Keep the pictures out. Copy every line of the listing exactly.

(Beginning of PROVIDED MATERIAL)

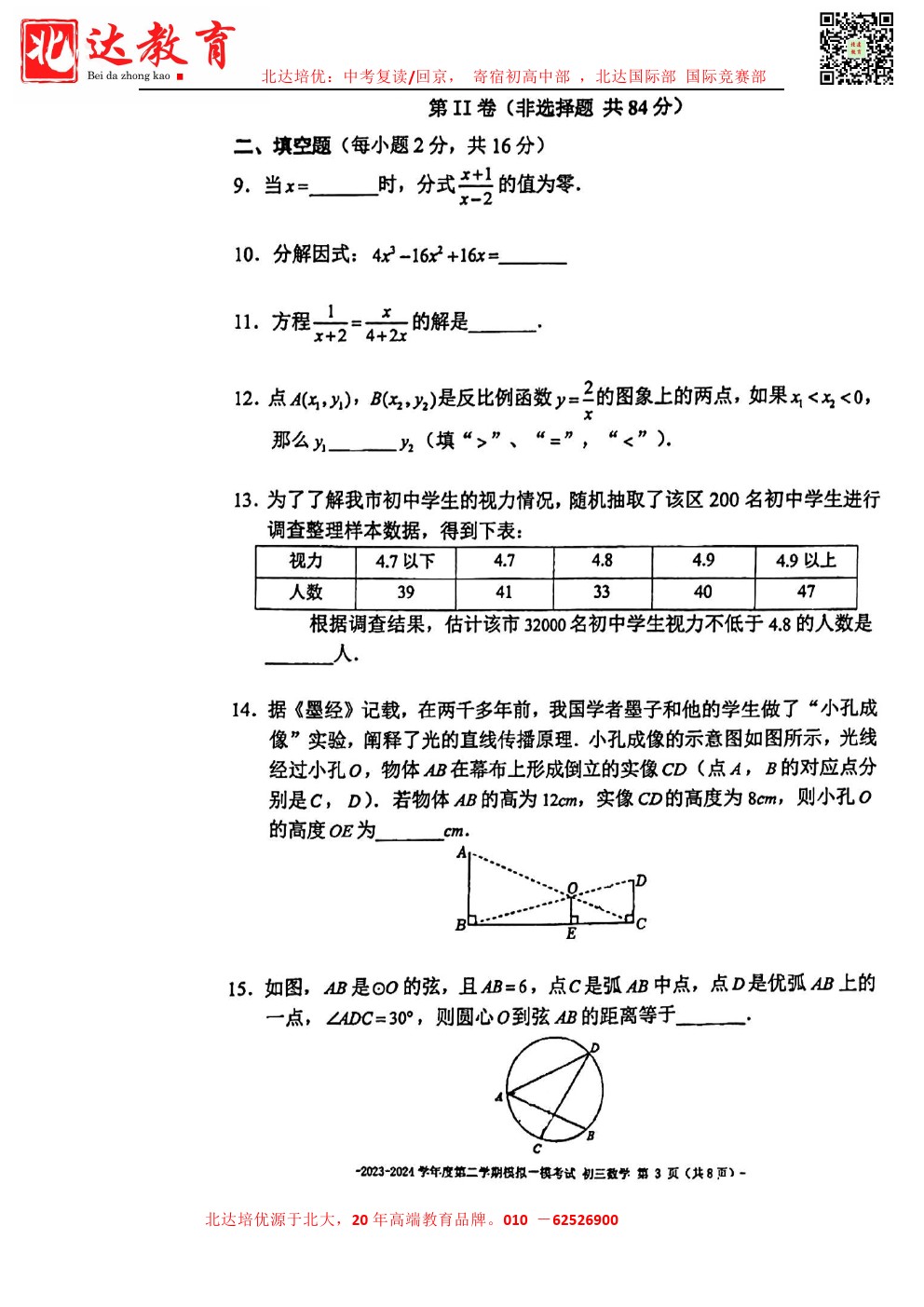 2024年北京二中初三一模数学考试已结束,北京北达教研组整理到了相关试卷资料,有需要的同学赶紧下载练习起来吧。
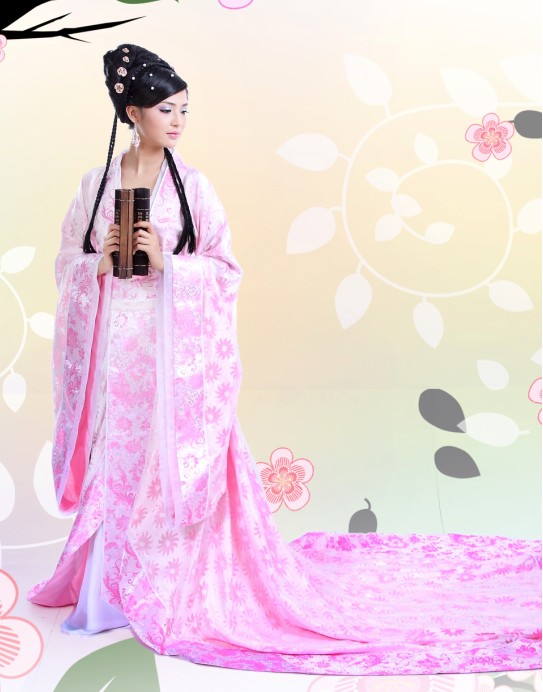 Embrace the elegance of ancient China with this stunning pink floral Hanfu, featuring flowing wide sleeves and a dramatic long train. Crafted from lightweight fabric with intricate floral patterns, this traditional costume is perfect for cultural festivals, stage performances, and artistic photography. Whether you are attending a Hanfu gathering or cosplaying a historical character, this dress captures the grace and sophistication of classical Chinese aesthetics.
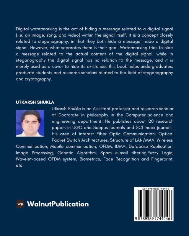 Digital watermarking is the act of hiding a message related to a digital signal (i.e. an image, song, and video) within the signal itself. It is a concept closely related to steganography, in that they both hide a message inside a digital signal. However, what separates them is their goal. Watermarking tries to hide a message related to the actual content of the digital signal, while in steganography the digital signal has no relation to the message, and it is merely used as a cover to hide its existence. this book helps undergraduates, graduate students and research scholars related to the field of steganography and cryptography.

(End of PROVIDED MATERIAL)

**ANSWER AREA**
 2024年北京二中初三一模数学考试已结束,北京北达教研组整理到了相关试卷资料,有需要的同学赶紧下载练习起来吧。
 Embrace the elegance of ancient China with this stunning pink floral Hanfu, featuring flowing wide sleeves and a dramatic long train. Crafted from lightweight fabric with intricate floral patterns, this traditional costume is perfect for cultural festivals, stage performances, and artistic photography. Whether you are attending a Hanfu gathering or cosplaying a historical character, this dress captures the grace and sophistication of classical Chinese aesthetics.
 Digital watermarking is the act of hiding a message related to a digital signal (i.e. an image, song, and video) within the signal itself. It is a concept closely related to steganography, in that they both hide a message inside a digital signal. However, what separates them is their goal. Watermarking tries to hide a message related to the actual content of the digital signal, while in steganography the digital signal has no relation to the message, and it is merely used as a cover to hide its existence. this book helps undergraduates, graduate students and research scholars related to the field of steganography and cryptography.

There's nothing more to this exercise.